— Data for this exercise —
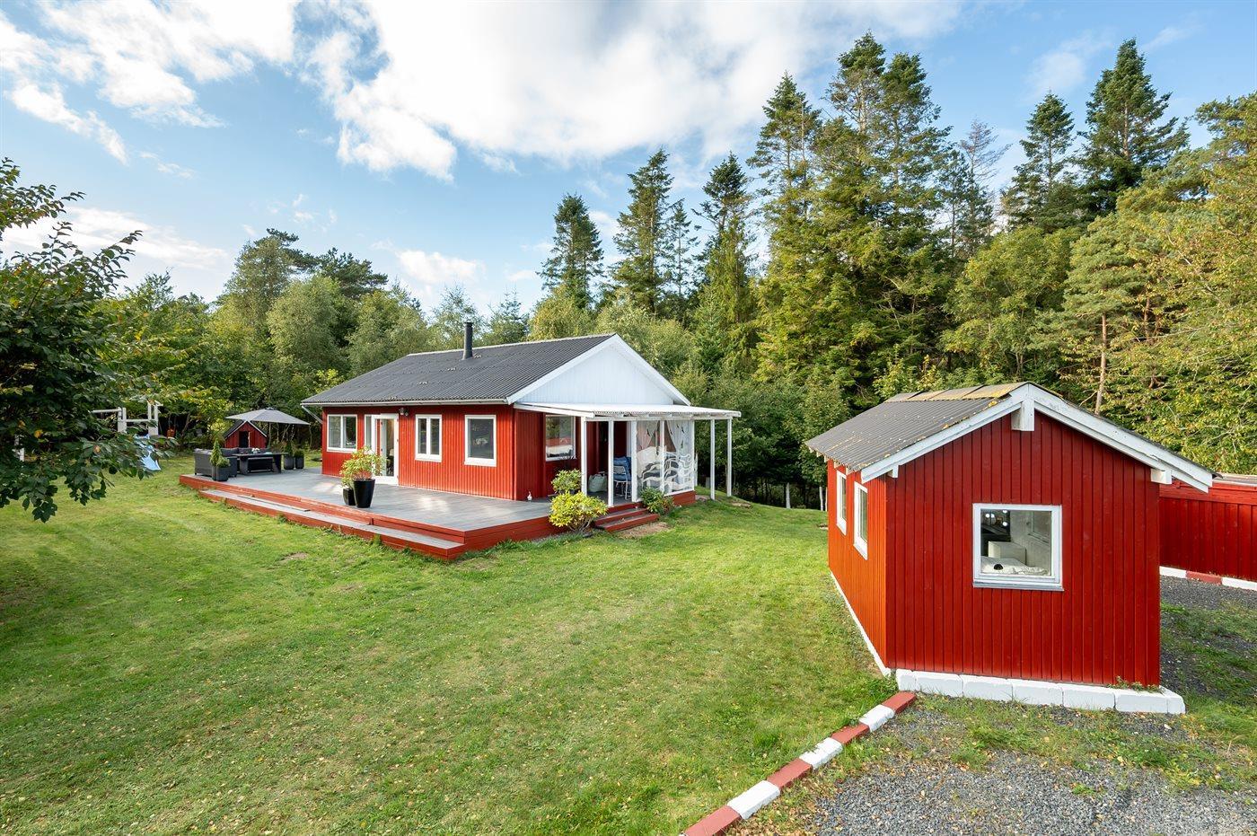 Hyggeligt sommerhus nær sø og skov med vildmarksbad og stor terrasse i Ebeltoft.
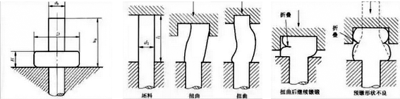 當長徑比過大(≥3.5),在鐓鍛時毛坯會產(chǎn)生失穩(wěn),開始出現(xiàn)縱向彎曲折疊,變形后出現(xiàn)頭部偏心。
* * *
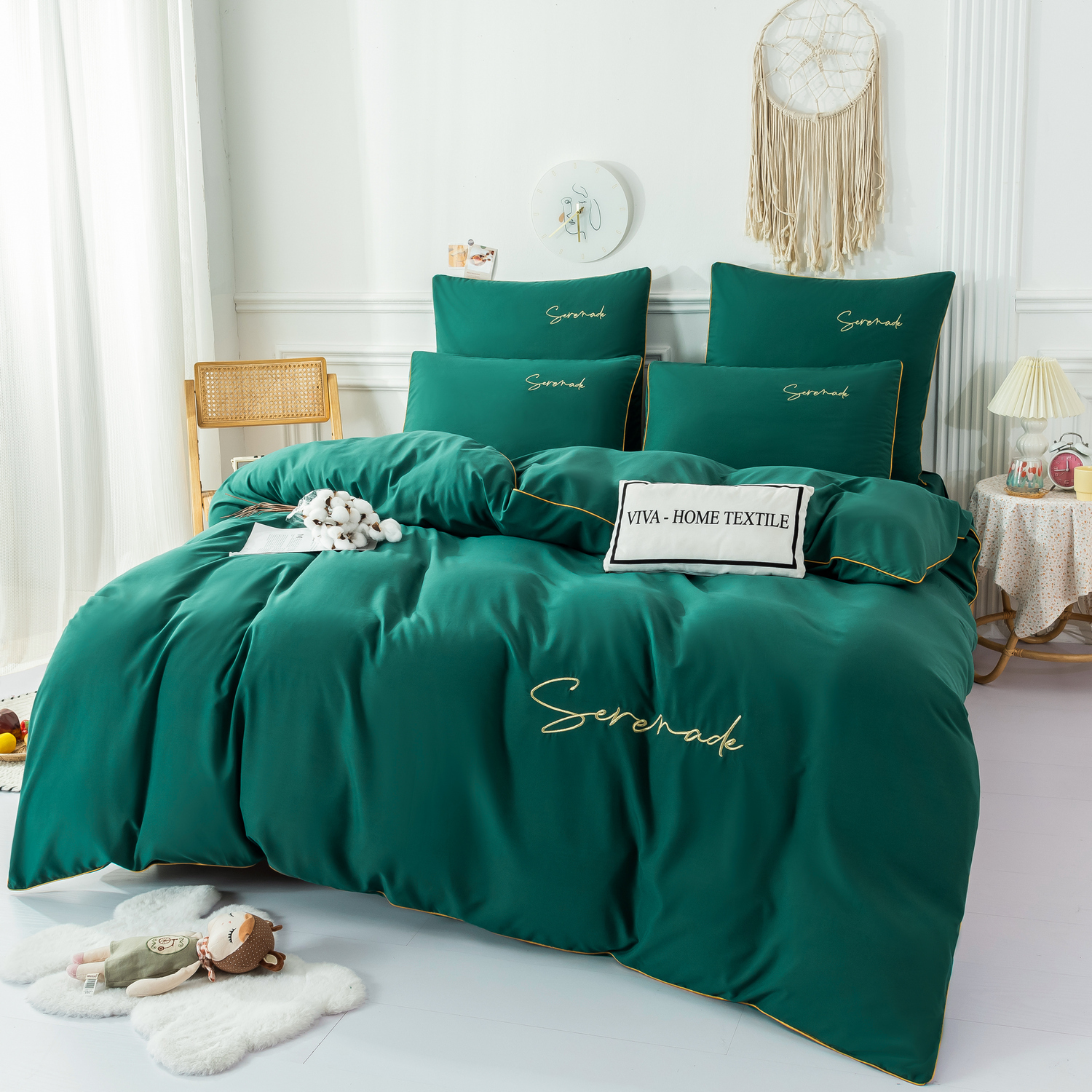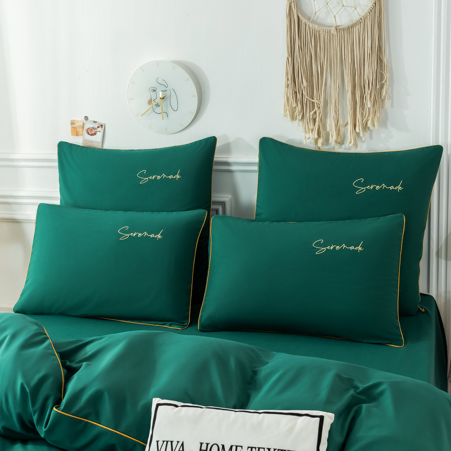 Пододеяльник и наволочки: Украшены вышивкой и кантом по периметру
...
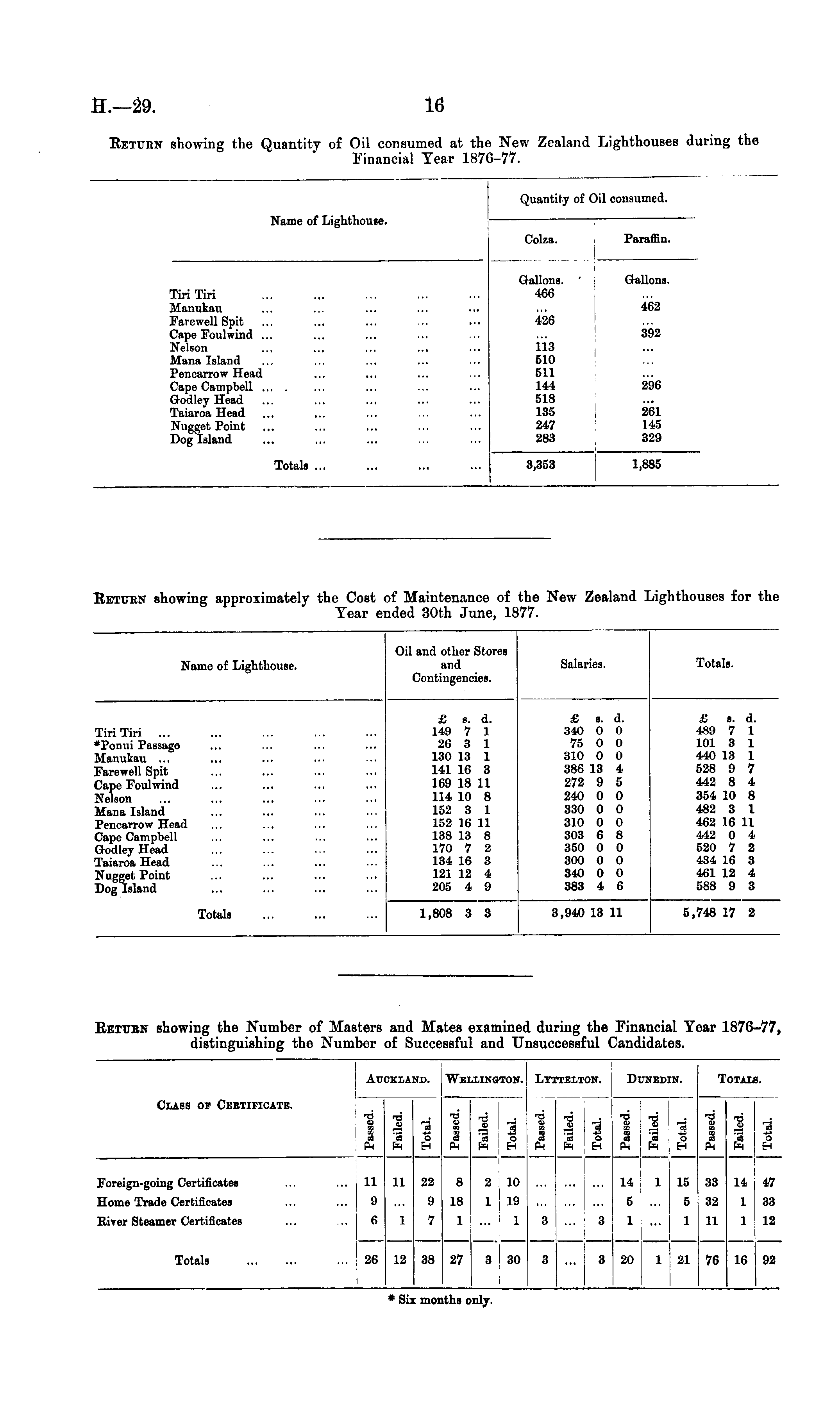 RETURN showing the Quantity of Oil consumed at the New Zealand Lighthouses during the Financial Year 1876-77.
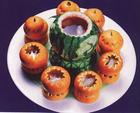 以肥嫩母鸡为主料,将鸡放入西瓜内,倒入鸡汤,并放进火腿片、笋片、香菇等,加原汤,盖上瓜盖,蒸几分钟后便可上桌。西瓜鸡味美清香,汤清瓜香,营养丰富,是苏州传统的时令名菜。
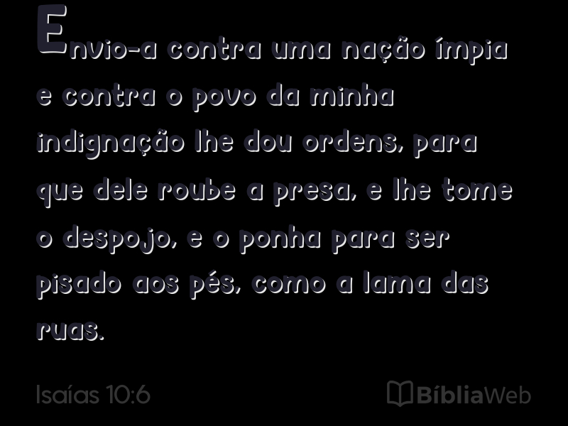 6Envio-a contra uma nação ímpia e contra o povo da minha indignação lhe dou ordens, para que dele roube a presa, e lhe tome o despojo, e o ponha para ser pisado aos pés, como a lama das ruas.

— Instructions to follow —
Here the job is to copy the listing above word for word, starting at the line with "以肥嫩母鸡为主料,将鸡放入西" and ending at the line with "6Envio-a contra uma", and to leave out the pictures.

— Exercise result —
 以肥嫩母鸡为主料,将鸡放入西瓜内,倒入鸡汤,并放进火腿片、笋片、香菇等,加原汤,盖上瓜盖,蒸几分钟后便可上桌。西瓜鸡味美清香,汤清瓜香,营养丰富,是苏州传统的时令名菜。
 6Envio-a contra uma nação ímpia e contra o povo da minha indignação lhe dou ordens, para que dele roube a presa, e lhe tome o despojo, e o ponha para ser pisado aos pés, como a lama das ruas.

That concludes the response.